While most Indian weddings tend to be an extravagant affair, in recent years a shift has been noticed towards a more greener and sustainable format, where couples are preferring to leave behind a minimalistic carbon footprint.
Earlier last year a Mumbai couple’s use of recycled products for their wedding ceremony made news, and recently a family in Bhopal altered a “big fat” wedding into an environment-friendly one by replacing wedding invites with potted plants.
Businessman Pranshu Kankane and brother Prateek were always fascinated by the concept of an eco-friendly wedding. And when the opportunity arose — Pranshu’s wedding– the brothers brainstormed to leave no stone unturned to make the most important day of his life a green affair.
“It all began with the idea of avoiding food wastage. We started off by sending e-invites instead of paper and requested people to RSVP,” Prateek said.

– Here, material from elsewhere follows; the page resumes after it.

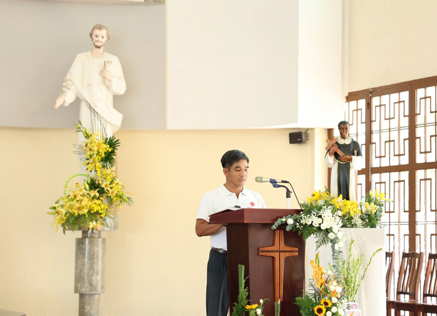 Trước khi bước vào Thánh lễ, vào lúc 09g00, linh mục linh hướng Đa Minh Đinh Công Đức đã có đôi lời chia sẻ và chào đón các anh chị em thành viên Caritas về tham dự ngày lễ mừng bổn mạng.
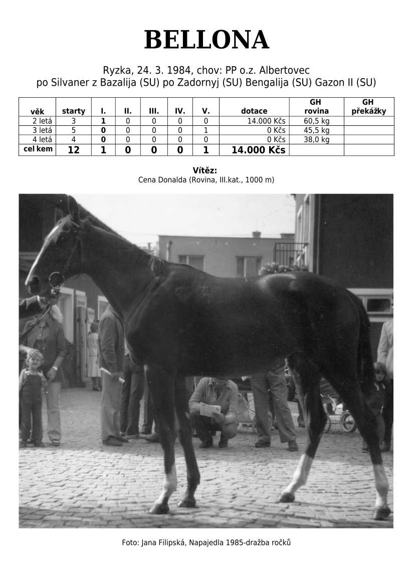 Hnědka BATHORY (IRE) (Celtic Swing) na dráze startovala 3-4 letá celkem 8x. Získala 2 vítězství, ale největším úspěchem bylo druhé místo v Cene Whisky (I.kat). Žádná super hvězda, ale ani se zcela neztratila.

While the concept of RSVP is not new, it was not something that the people of Bhopal, being a tier-2 city, were accustomed to, Prateek claimed. “With the help of e-cards, we were not only able to avoid using paper but the RSVP option helped us prevent food wastage,” Prateek told the indianexpress.com.
Even though the novel idea got a nod from their father Rajkumar Kankane, their mother was not entirely convinced. “My mother told me that if you do not distribute cards, then how would you be able to meet the relatives and invitees,” Prateek said.

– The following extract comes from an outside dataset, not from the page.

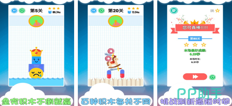 《积木派我对战:我是平衡大师》专注于物理堆叠与重心控制的挑战。游戏中设有多种动态平台,会因积木叠加而产生倾斜或晃动。玩家从上方传送带获取积木,需谨慎放置于平台上,时刻关注重心分布。一旦失衡,已堆叠的结构将倒塌,导致挑战失败,极具紧张感与操作反馈。

In keeping with their mother’s wishes, the brothers eventually came up with the idea of a “Green invite”. Instead of distributing wedding cards, which generate a lot of paper waste, the brothers printed the information of the bride and groom on potted plants. “It is an 8-10-month-old indoor plant and can easily survive for 3-4 years,” Prateek said.
Contrary to his expectations, the idea of a “green invite” was well received by the 400-odd invitees. “I did not expect the reaction we received. People were extremely excited with the invites and as we had 4-5 varieties of plants, including spiritual ones such as Tulsi, they were enthusiastic to pick their own invite,” he said.
While giving out plants was a cumbersome task, the main challenge, according to Prateek was to make the procedure cost-effective and make people aware of the process. “The Green-invite was a substitute for the paper card, so our main challenge was to bring its cost to the approximate value of the card,” Prateek said.
A single “green invite” cost around Rs 68, which Prateek claimed was similar to the cost of a single card. “We wanted people to understand and see that this process is feasible as well as cost-effective. If not all, this would motivate many people to move towards a greener process,” he added.
The brothers also collaborated with a volunteer organisation, the Robin Hood Army, which supplies surplus food collected from wedding and restaurants to the underprivileged. Moreover, the wedding invite also had instructions for the guests such as “Do not bring bouquets” and “Don’t waste food in plates before disposing of in the dustbin”.
To spread the idea of an eco-friendly wedding, Prateek said he spent around 10-15 minutes with each of the guests to explain to them about the plant and ways to take care of it.